- What you are asked to do: No pictures belong in the copy. Retype exactly, and only, the stretch of lines below from the one with "This grooved sound" through the one with "班会伊始,主持人就如何创建文".

- Records provided:
[Start of section]
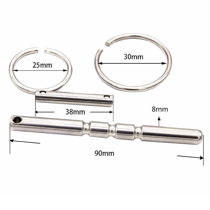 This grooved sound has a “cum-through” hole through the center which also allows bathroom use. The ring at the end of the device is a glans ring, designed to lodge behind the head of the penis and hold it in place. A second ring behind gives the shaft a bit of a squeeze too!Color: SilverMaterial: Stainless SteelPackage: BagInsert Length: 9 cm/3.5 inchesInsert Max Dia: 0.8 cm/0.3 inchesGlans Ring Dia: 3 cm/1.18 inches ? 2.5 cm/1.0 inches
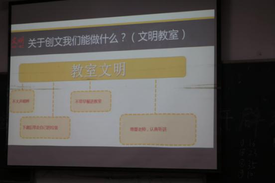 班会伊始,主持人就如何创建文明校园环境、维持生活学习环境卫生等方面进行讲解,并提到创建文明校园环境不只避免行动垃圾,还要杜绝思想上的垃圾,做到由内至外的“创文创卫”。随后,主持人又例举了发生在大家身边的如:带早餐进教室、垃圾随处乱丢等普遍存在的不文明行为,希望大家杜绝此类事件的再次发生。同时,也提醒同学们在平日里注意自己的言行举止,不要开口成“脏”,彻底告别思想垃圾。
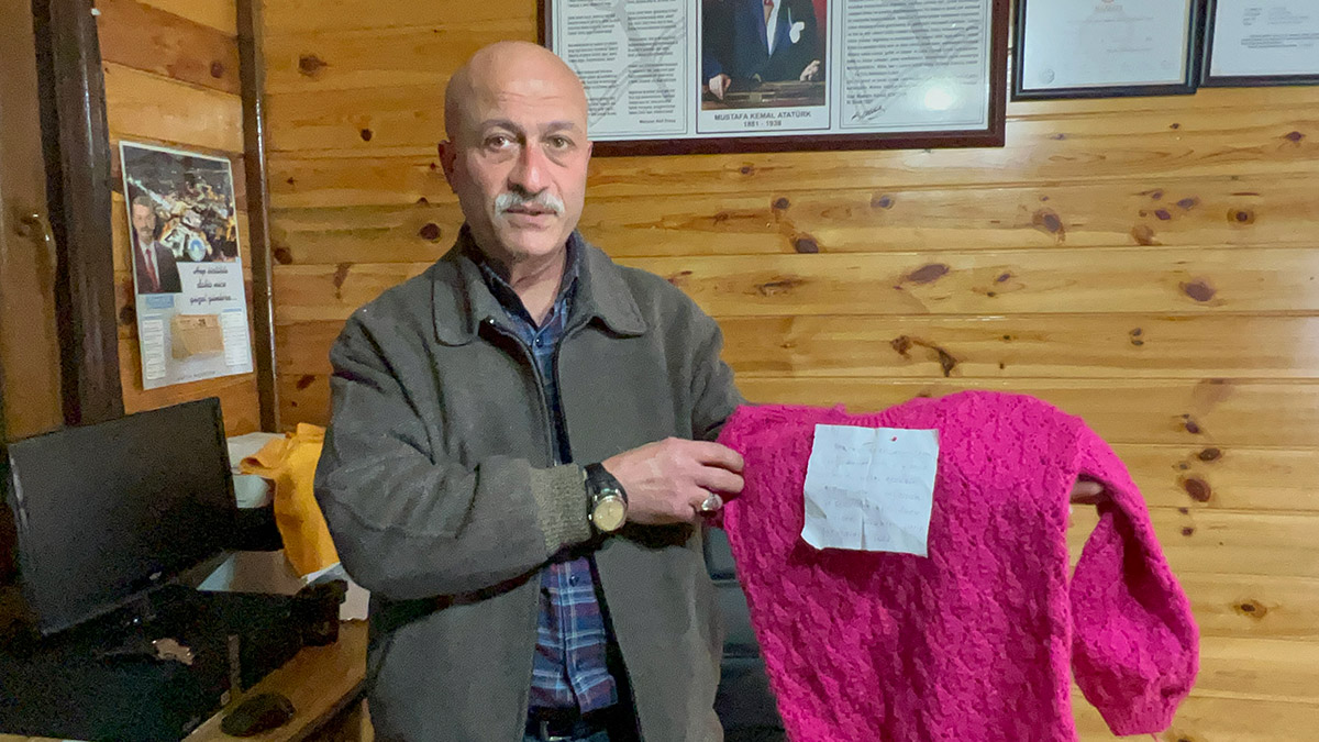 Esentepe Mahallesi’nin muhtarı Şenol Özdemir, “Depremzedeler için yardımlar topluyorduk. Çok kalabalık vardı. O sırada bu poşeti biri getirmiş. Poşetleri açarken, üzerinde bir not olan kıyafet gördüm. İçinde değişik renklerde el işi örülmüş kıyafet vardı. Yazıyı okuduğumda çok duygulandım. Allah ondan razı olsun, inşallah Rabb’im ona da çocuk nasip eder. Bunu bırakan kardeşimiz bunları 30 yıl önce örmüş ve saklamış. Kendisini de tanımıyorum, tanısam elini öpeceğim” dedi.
[End of section]
[Start of section]
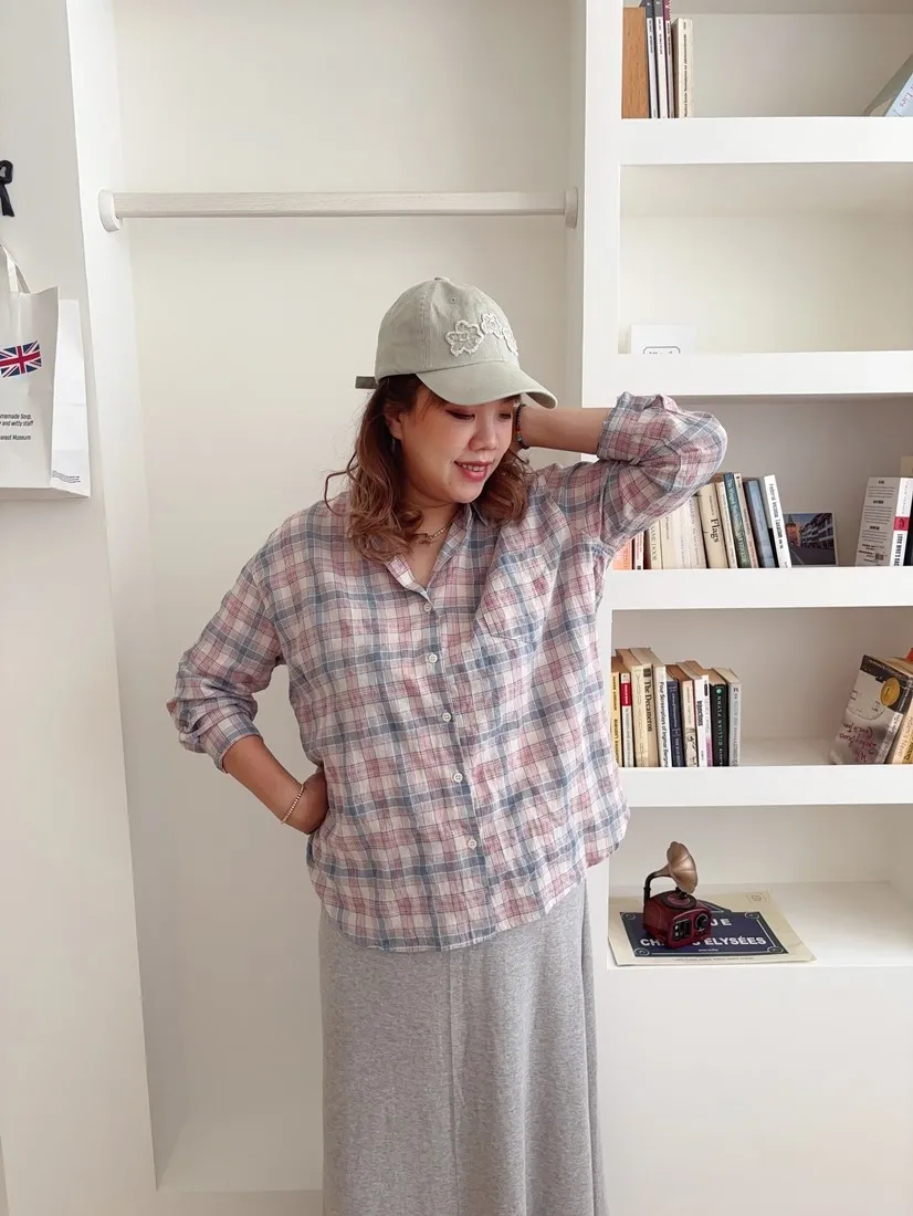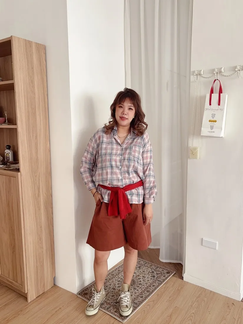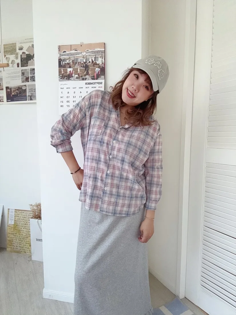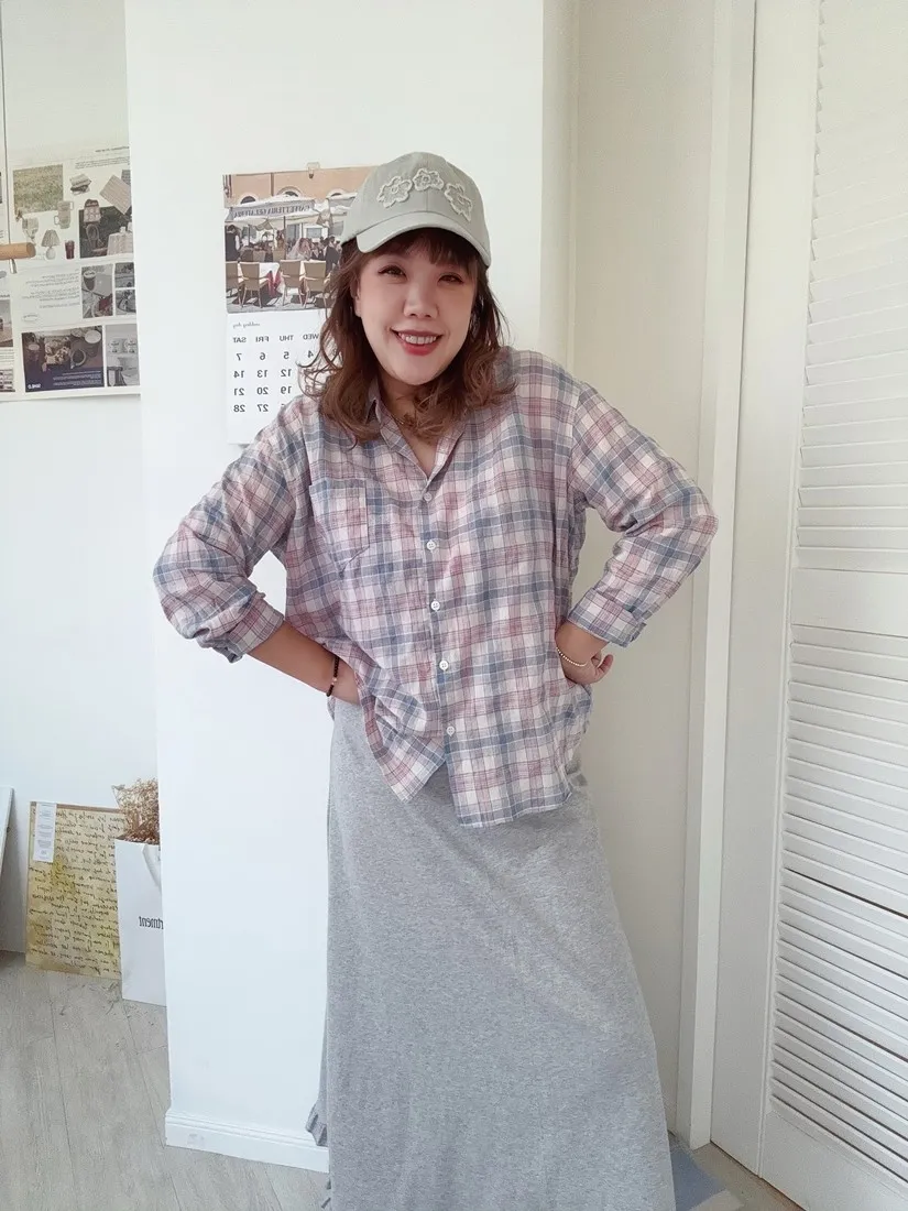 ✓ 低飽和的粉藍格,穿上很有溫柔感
[End of section]
- Completed task:
 This grooved sound has a “cum-through” hole through the center which also allows bathroom use. The ring at the end of the device is a glans ring, designed to lodge behind the head of the penis and hold it in place. A second ring behind gives the shaft a bit of a squeeze too!Color: SilverMaterial: Stainless SteelPackage: BagInsert Length: 9 cm/3.5 inchesInsert Max Dia: 0.8 cm/0.3 inchesGlans Ring Dia: 3 cm/1.18 inches ? 2.5 cm/1.0 inches
 班会伊始,主持人就如何创建文明校园环境、维持生活学习环境卫生等方面进行讲解,并提到创建文明校园环境不只避免行动垃圾,还要杜绝思想上的垃圾,做到由内至外的“创文创卫”。随后,主持人又例举了发生在大家身边的如:带早餐进教室、垃圾随处乱丢等普遍存在的不文明行为,希望大家杜绝此类事件的再次发生。同时,也提醒同学们在平日里注意自己的言行举止,不要开口成“脏”,彻底告别思想垃圾。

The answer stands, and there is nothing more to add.